Laoban, along with another son of Uncle Mo in Darley's Nyquist, led their class by graded stakes winners last year after Keepmeinmind became Laoban's second when he took the GII Kentucky Jockey Club S. in November.
When Keepmeinmind enjoyed a brief freshening at WinStar following his win in the Jockey Club, Hanley said he recalls being awed by the youngster.
“Wow, what a nice horse he is,” Hanley said. “Every time you see him on the track, he's such an impressive physical specimen and a beautiful mover. A disposition just like Laoban himself, really laid back.”
Laoban's momentum didn't stop over the winter as several of his weanlings carried hefty price tags at the breeding stock sales.
A colt out of Dixie Gem (Stonesider) was the highest-priced weanling at the Fasig-Tipton Midlantic December Mixed Sale, going for $150,000 to Machmer Hall.
At the Keeneland January Sale, a colt out of Making a Point (Freud) sold for $120,000 to Cavalier Bloodstock in the first session.
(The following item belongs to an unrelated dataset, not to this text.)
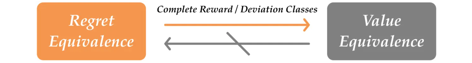 如果奖励函数类和偏差类都是完整的,那么遗憾等价性等同于价值等价性。当奖励函数类是完整的时,则

Later in the week, a colt out of Jade (Colonel John) sold for $70,000 as the highest-priced short yearling of the third session.
Then at the OBS Winter Mixed Sale, his filly out of Best Reward (Grand Reward) topped the sale, going to Sand Hill Stables for $175,000.
Hanley spoke on visiting this youngest crop at the sales over the past months.
“As they came out, they all had that similar sort of balance. They stand up square and have a beautiful shoulder. They walk off just like he does. Then when you go look at the mares and you see how much he moves those mares up physically, I thought it was quite astonishing because he was literally stamping his stock and they had his qualities. All beautiful horses off a $7,500 stud fee.”
He continued, “Then you look at the horse himself and he's such an impressive individual. He's got such stature to him. He's got the most beautiful shoulder, length of leg and a beautiful long, clean neck. He's such a classy horse to be around. I think that was evident in his stock as well.”
The next few weeks could prove to be defining for Laoban's early success as several first-crop 3-year-olds aim towards a start on Derby weekend.
Keepmeinmind is expected to return to the starting gate in the GII Rebel S. at Oaklawn Park on Mar. 13 while Simply Ravishing remains uncommitted to her next start, but is ranked highly in Bill Finley's most recent TDN Oaks Top 10. Meanwhile Laobanonaprayer looks to get her first victory against open company in this weekend's Busher Invitational S., where a win would earn 50 points towards the Oaks.
Hanley said Laoban has been well received by Kentucky breeders since his arrival, but that he is confident their new addition will see more success before the first Kentucky-breds hit the track. After filling a book of 122 in his first year, Laoban bred a combined 230 mares in his next three years at Sequel.
“He had very impressive 2-year-olds off a stud fee of $7,500,” he said. “When you look at the pedigrees they're out of, he has really moved those mares up. [His progeny to date] don't have very exciting pedigrees, just very good physicals. When you look at the mares that are booked to him this year, he's got 130 mares booked at a fee of $25,000. If he can continue to stamp his stock and produce the kind of quality that he had out of those lesser mares, I think the future for Laoban is really exciting.”
The GII Jim Dandy S. winner is out of stakes-placed Chattertown (Speightstown) and his half-sister produced Mr. Hustle (Declaration of War), a champion 2-year-old in Canada. His extended family also includes three-time Grade I winner I'm a Chatterbox (Munnings).
“He's out of a Speightstown mare and her second dam is by Danzig,” Hanley noted. “Being an Uncle Mo, he's an outcross for a lot of mares. Physically, he fits a lot of mares. He's a big horse, but he's very well-made. He's a great horse to be around. He's doing great in the breeding shed, has settled in really well and we're very happy with how it's going with him right now.”